The scope of OCR’s request for comments demonstrates its desire to balance the burden and cost in producing accountings that include TPO disclosures with the value of these potential modifications. The effort in making these accountings available should be proportionate to the volume of such requests and not unduly burdensome for health care providers.
Notice of Privacy Practices
OCR’s final Request for Information pertains to the requirement that health care providers provide a notice of privacy practices to their patients and that those health care providers with a direct treatment relationship make a good faith effort to obtain a signature from patients of the receipt of the notice. [37] The notice serves as a vehicle for patients to understand how their health care providers use and disclose their PHI and also to educate patients on their rights regarding their PHI.
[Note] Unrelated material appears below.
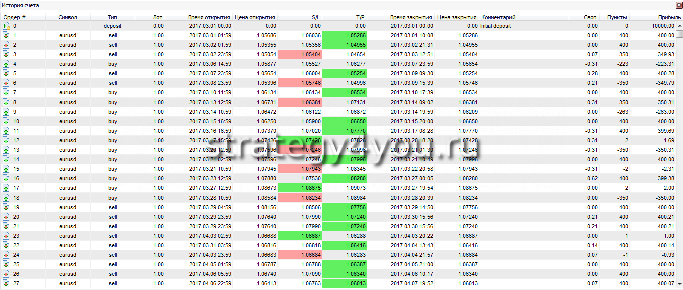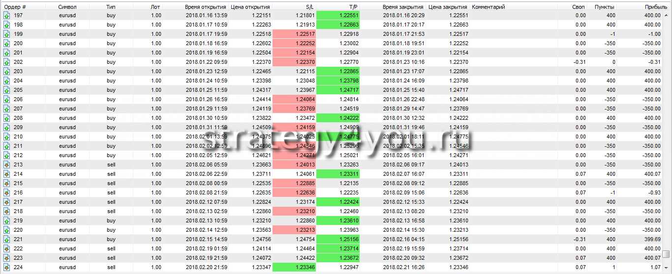 Подробный отчет по стратегии за указанный период:

OCR requests input as to whether the signature and recordkeeping requirements associated with providing the notice should be eliminated because they add questionable value to the privacy equation. OCR asks for an explanation of the burden “in economic terms” the requirements place on health care providers “to obtain a good faith effort to obtain an individual’s written acknowledgment of receipt of the providers’ [notice of privacy practices]” and how frequently health care providers are unable to obtain the signature. [38] OCR also wants to determine whether the form of the notice of privacy practices is confusing for patients and whether they mistake it as, among other things, a precondition to receiving care. [39] OCR is also curious as to whether the educational purpose underlying the notice is being achieved — namely, does the notice sufficiently explain patients’ rights with respect to their information as well as how the covered entities use and disclose their information or are other educational measures warranted? [40] OCR is also considering creating a compliance safe harbor for covered entities that choose to use a form of notice provided by OCR. [41]
Conclusion
Encouraging greater coordination of care by making health information more available, and while maintaining appropriate privacy protections for patients, may prove to be a significant enhancement to treating patients, especially those suffering from substance use disorder or serious mental illness. However, the overlay of other federal and state laws governing the use and disclosure of patient information will continue to provide challenges. A law that provides more stringent protections to a patient’s privacy will continue to control whether patient treatment information can be shared and with whom. Consequently, states and other federal agencies will need to make the same type of examination that OCR is making with respect to HIPAA if comprehensive coordination of care and case management are to be achieved.